Officers and enlisted personnel, in the U.S. Armed Forces and elsewhere, regularly take an oral oath to support and defend the primary convening document (i.e. constitution, articles of confederation, ruling laws and statutes) and/or the supreme leader of the nation-state. There have been countless cases throughout human history where commissioned military officers and enlisted personnel—as individuals or small groups—have chosen to question and disobey the orders of their superior officers or the supreme leader of the state.

==Forms of dissent==
Dissent by military officers falls into two main categories: violent and non-violent.
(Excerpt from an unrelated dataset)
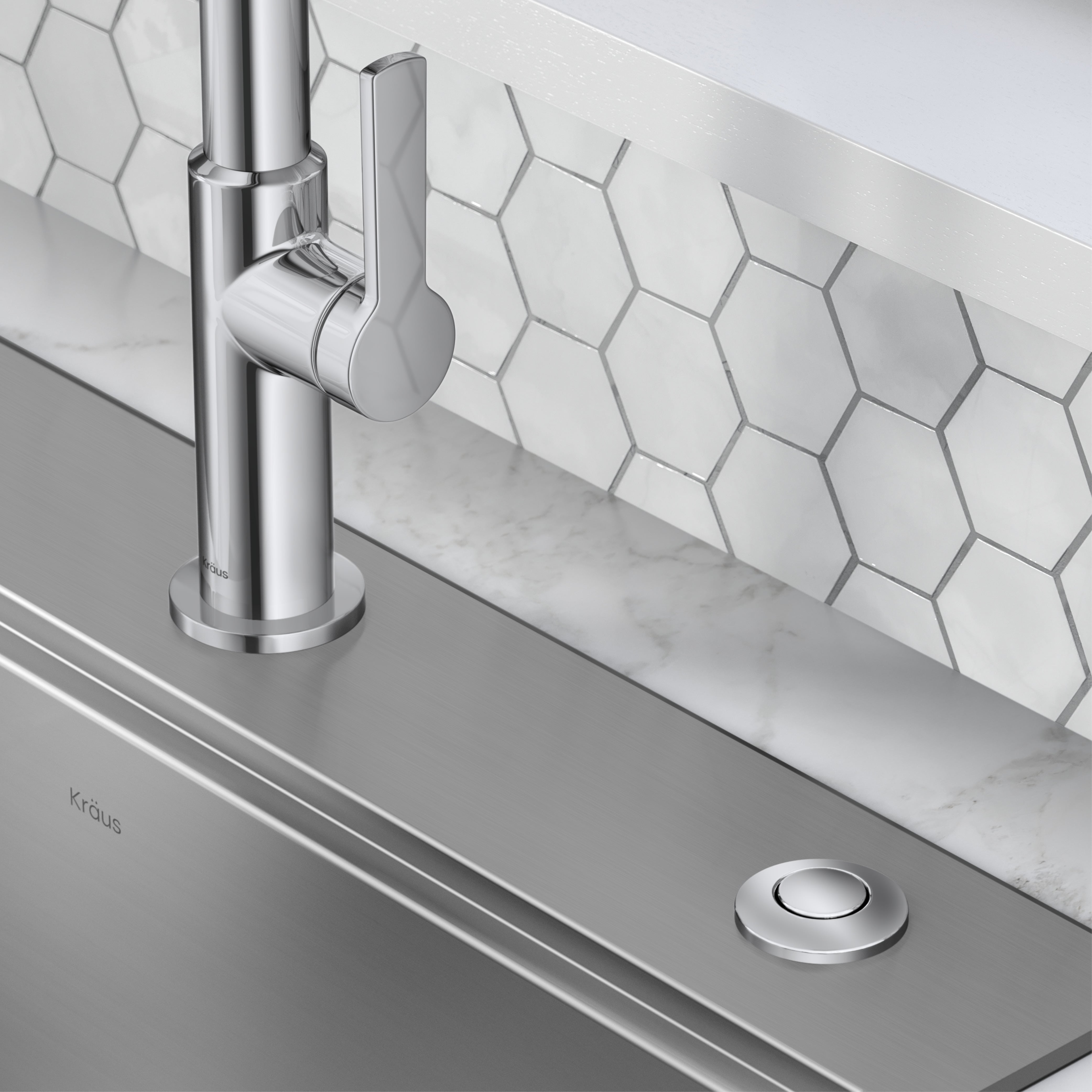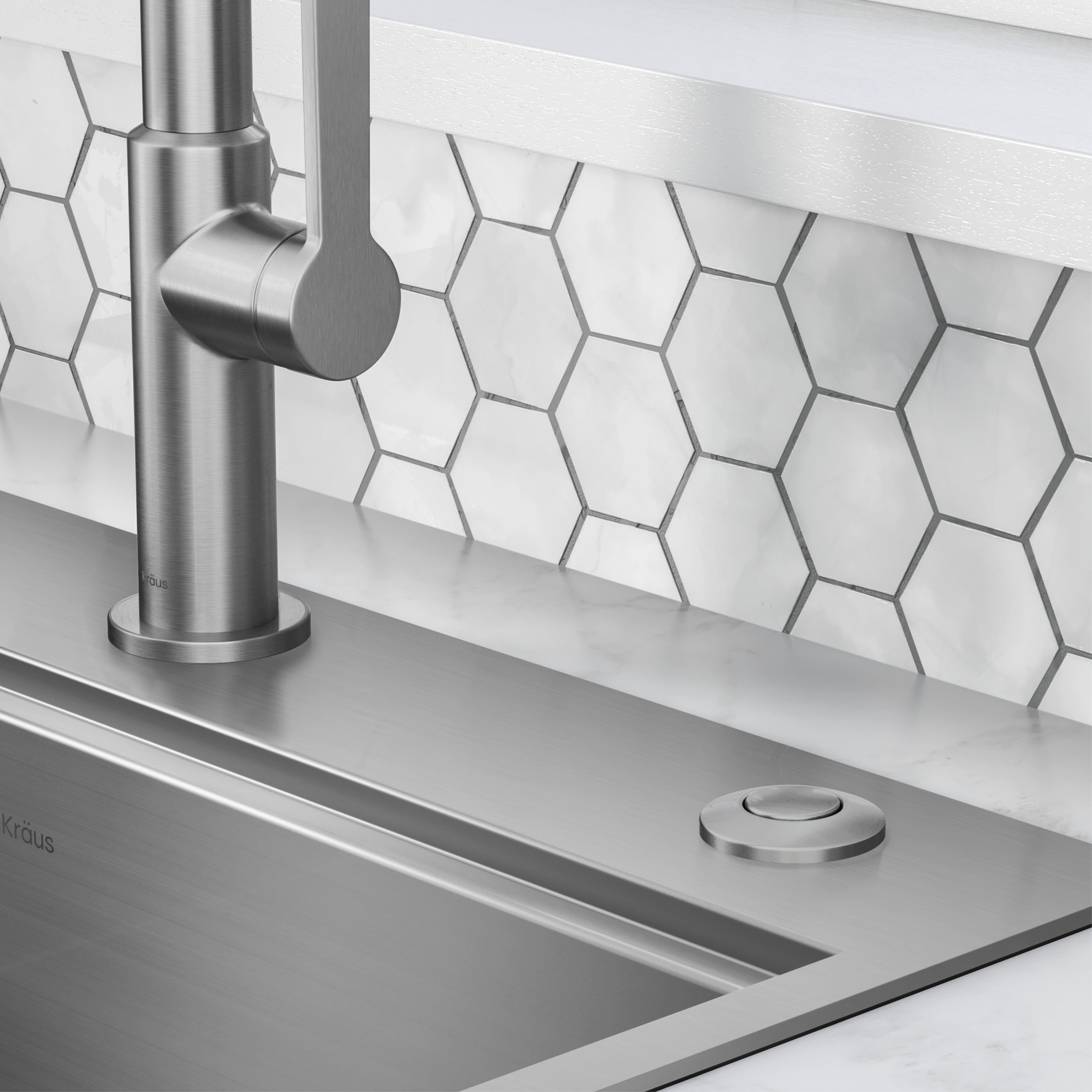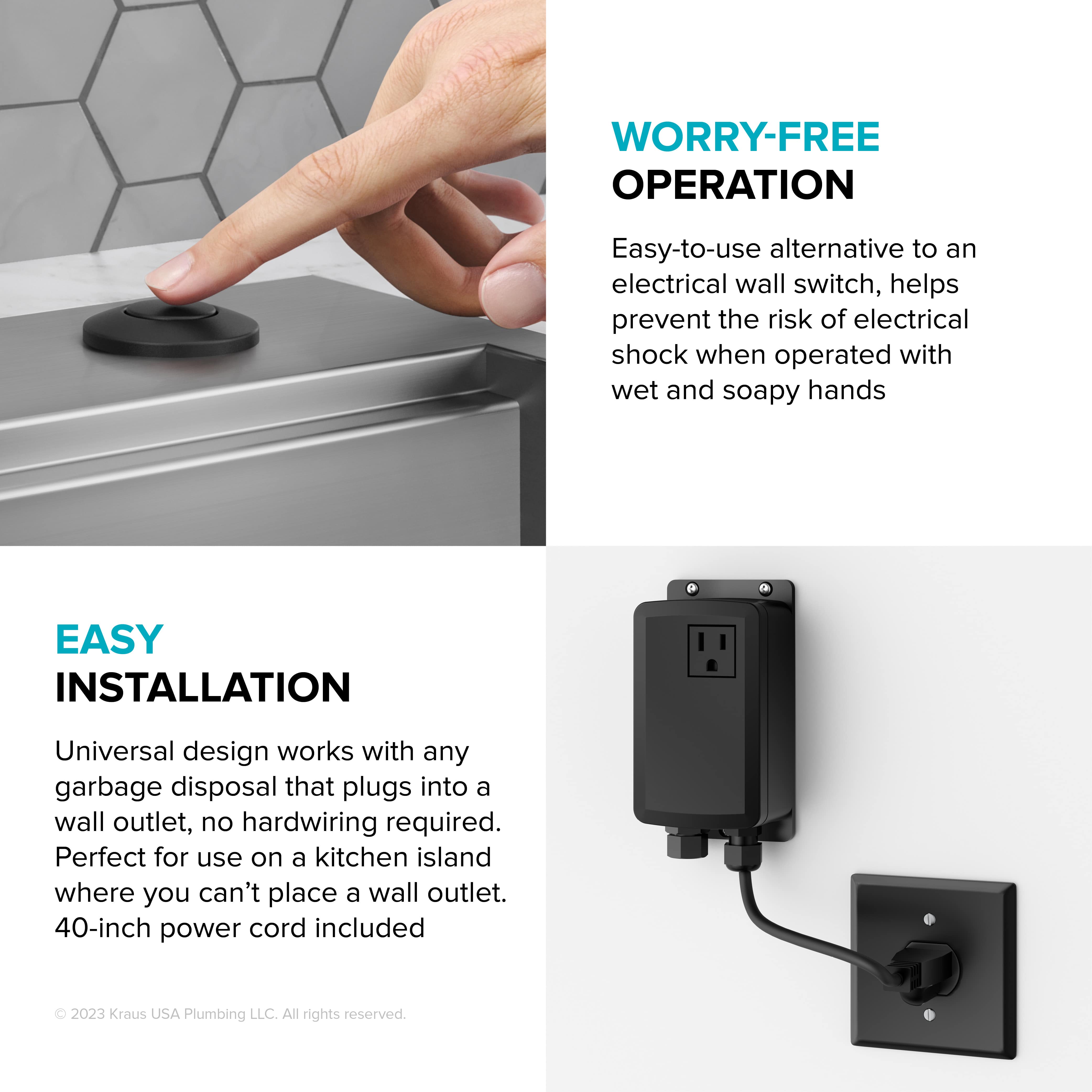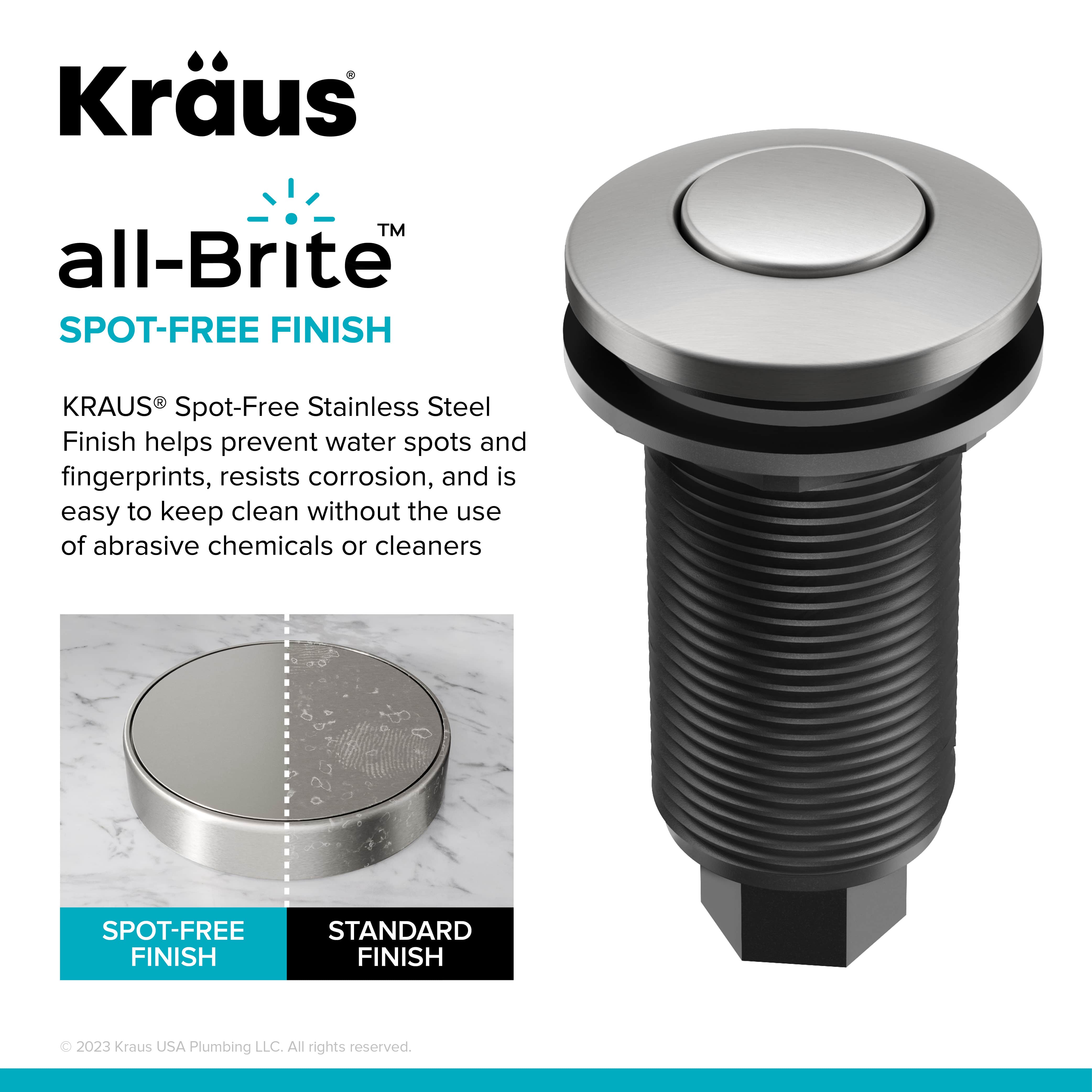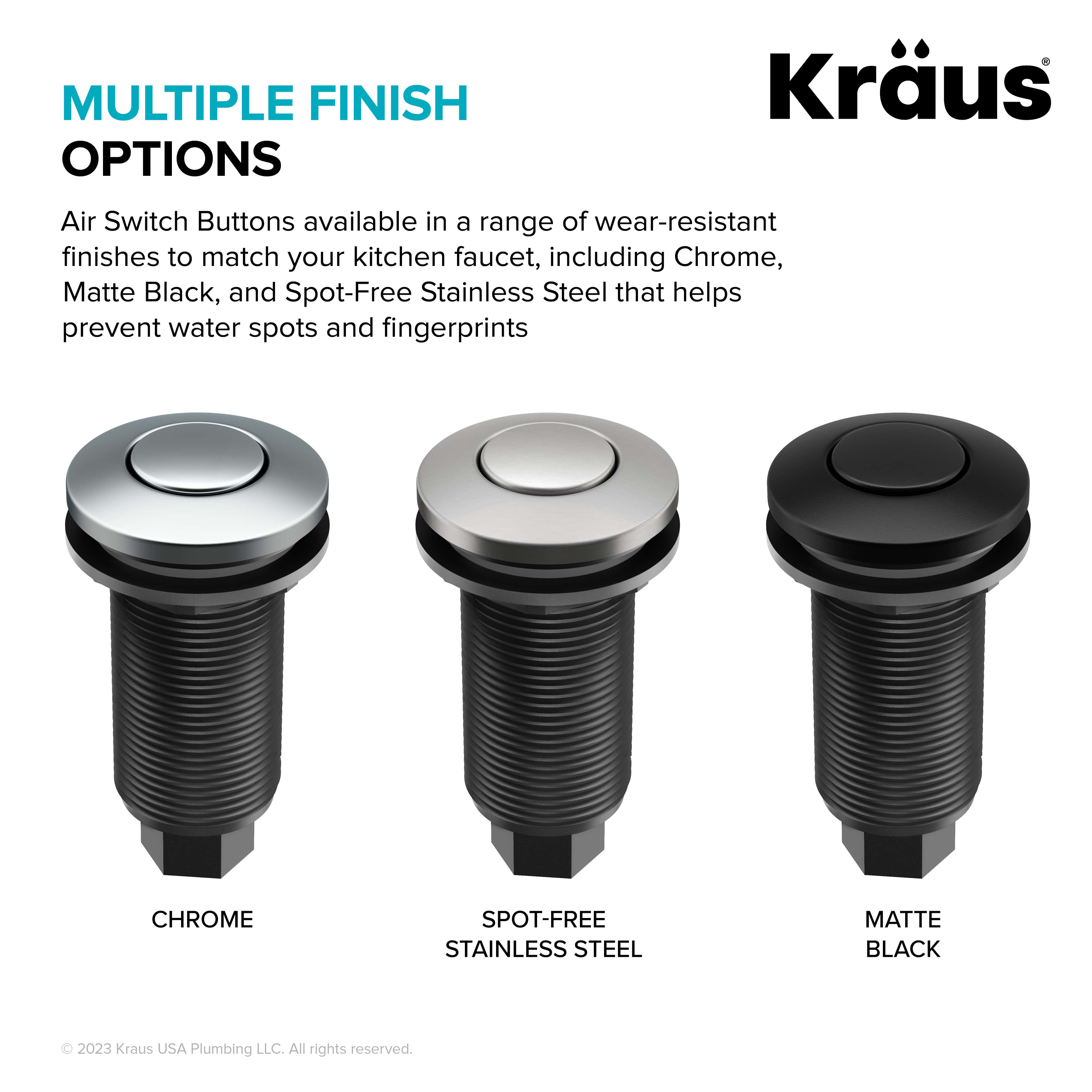 The KRAUS Garbage Disposal Air Switch Kit offers a sleek and functional alternative to traditional wall-mount toggle switches, allowing you to activate your garbage disposal with the push of a button while creating a coordinated look with your kitchen faucet. The air switch mounts to your countertop or sink deck, simplifying installation and making it easy to use your disposal. By eliminating the need for a dedicated wall switch, this device helps ensure that there is no live electricity at countertop level, offering a worry-free alternative to an electrical switch that helps prevent the risk of shock if operated with wet and soapy hands. The threaded housing can be installed into countertops up to 1 1/2” thick, or into a top mount sink deck with standard 1 1/4” soap dispenser accessory hole. Durable stainless steel construction and ABS components help ensure long-lasting operation. The universal design can be used with most disposals on the market, including the KRAUS WasteGuard Garbage Disposal (model # KWD100-75MBL). The air switch is ideal for use on a kitchen island, where it is not possible to place a traditional wall outlet to power a garbage disposal. The streamlined button creates a clean and integrated look, and comes in a range of wear-resistant finish options to match your kitchen faucet, including Spot-Free Stainless Steel finish that resists water spots and fingerprints. Kit includes air switch button, PVC air tubing, power cord, and AC adapter for easy DIY installation

In essence, when a military officer, military leader chooses to oppose the orders given to him by his superior officers or national leader, he/she must decide whether his counter-action will be violent or non-violent in nature and in aim.

Violent or forcible dissent or opposition among military officers against their superiors or national authority is further broken down into the following categories:
- Assassination
- Coup d'état
- Sabotage

Non-violent actions which are designed to dissent from the command authority come in the following formats:
- Refusal to execute orders
- Refusal to deploy or mobilize
- Conscientious objection
- Disinformation
- Espionage
- Defection
- Leaking of information to the press
- Jumping the chain-of-command (appealing to a higher military authority)
- Modifying or changing original orders

==Dissent versus conscientious objection==
Conscientious objection commonly refers to those who are being drafted into military service, who are not currently in military service. However, there are cases in history where an officer or enlisted member of the military has volunteered for military service (or is drafted) and they find later on that they do not agree with their government's war policies or orders.

==Dissent in the case of war crimes==
There are countless examples in recent history where military officers have refused to execute the orders of their superiors because they felt their military was party to war crimes.

Several German generals during World War II either refused orders, modified orders, or mounted coups or assassination attempts against the German leader Adolf Hitler. Many of these generals were highly respected by the German people and within the German High Command, notably Erwin Rommel, Claus von Stauffenberg, and Otto von Stülpnagel.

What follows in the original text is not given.